Por encima del capó del Chevrolet diviso las patrullas T1 y R1, que marchan por delante de nosotros en tercera, seis camiones cada una, en formación diamante, precedidos por sus respectivos jefes en sus jeeps y separados unos de otros por si se produce un ataque aéreo. Hay doscientos metros entre cada vehículo y ochocientos metros entre cada patrulla. El jeep de Collier marcha adelantado. Desde la compuerta trasera veo los Chevrolets que nos siguen. Parecen torpederas en el mar. El reguero de arena que levanta nuestro camión se levanta como una estela; los dos camiones que marchan detrás de nosotros hacen lo propio. Nos divertimos como unos niños en el parque de atracciones más grande del mundo. Punch sonríe al volante.

—Es divertido, ¿verdad? —Lleva barba de dos días.

La ruta de la patrulla desde El Fayum ha sido: al sur hasta Beni Suef y luego, tras dejar a un lado las modestas pirámides de Hawara y El Lahun, por la carretera de Assyut. Se supone que nuestra partida debía ser un secreto, pero cuando atravesamos el bazar de Nazir El Wab, congestionado de gharries y carromatos de mulas, los muchachos que venden melones y dátiles en las callejuelas se encuentran a un lado de la carretera, esperando, como si supieran que veníamos desde hacía días. Las tres patrullas han juntado sus piastras y se las han entregado al sargento Kehoe, de la T3. El neozelandés se aprovisiona de huevos, dátiles, alubias y naranjas frescas mientras avanzamos a través de esta muchedumbre con la lentitud de un hombre a pie. Éste es el último lugar donde el papel moneda tiene valor. A las diez hemos salido de «los cultivos» y hemos dejado la civilización atrás.

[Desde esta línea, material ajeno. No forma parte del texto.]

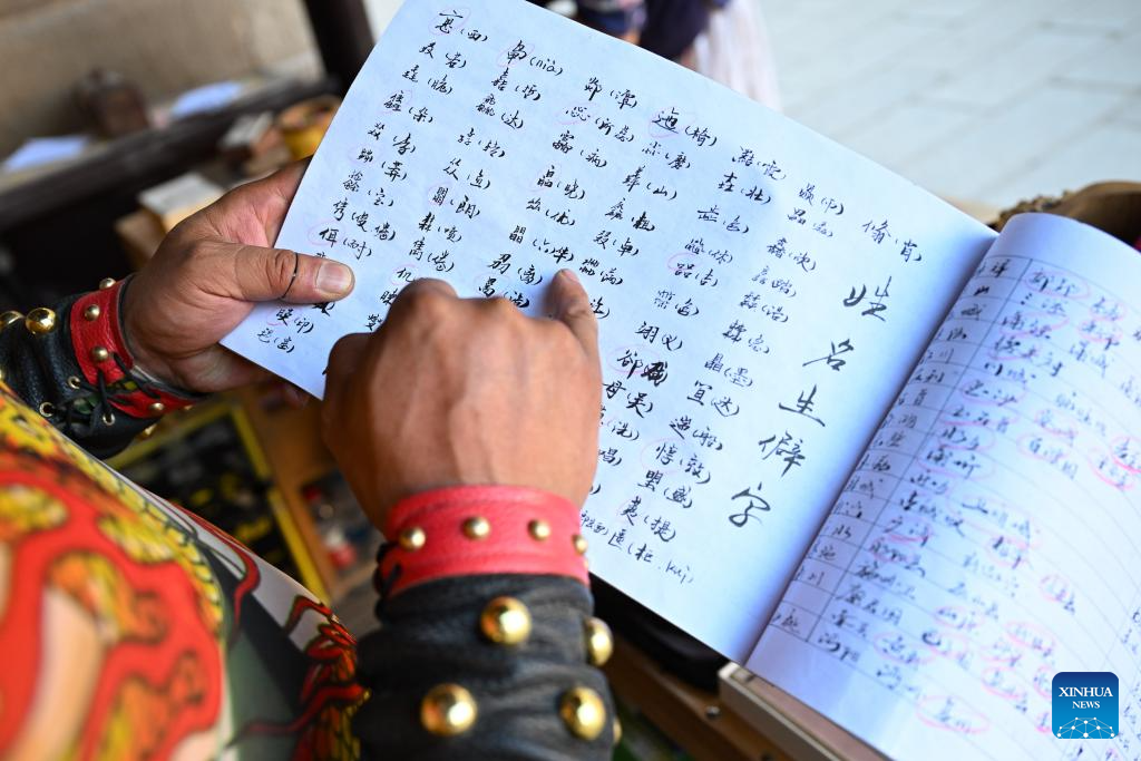 Li Sen checks a handwritten booklet at his stall at the Jiayu Pass scenic area in Jiayuguan City, northwest China's Gansu Province, July 14, 2023.

Los hombres no están enterados aún de la misión. Se les informará en los próximos días, cuando Jake lo crea conveniente. Lo que todos saben es que no podemos tomar las rutas habituales hacia el interior del desierto. Las fuerzas de Rommel controlan el oasis de Siwa, la antigua base del LRDG. Desde allí, los alemanes pueden lanzar patrullas aéreas y terrestres a cientos de kilómetros a la redonda. Otras unidades enemigas han bloqueado físicamente las vías que parten de la depresión de Qattara o las cruzan con demasiada frecuencia como para arriesgarse a utilizarlas. Tendremos que alejarnos bastante en dirección sur, más allá del alcance de los aviones de patrulla del Eje, antes de virar hacia el oeste para tratar de cruzar las extensiones inhabitadas y teóricamente impenetrables del Gran Mar de Arena egipcio. Yo lo encuentro tremendamente emocionante.

Queridísima Rose:

Al fin estoy donde quería estar. Por insignificante que pueda parecer nuestra unidad desde el punto de vista numérico, por primera vez me siento como si formara parte de grandes cosas. Vamos a cruzar regiones de desierto que ninguna expedición motorizada, aparte de las patrullas del LRDG, ha atravesado jamás y vamos a ver cosas que pocos europeos habrán visto, si es que alguno lo ha hecho.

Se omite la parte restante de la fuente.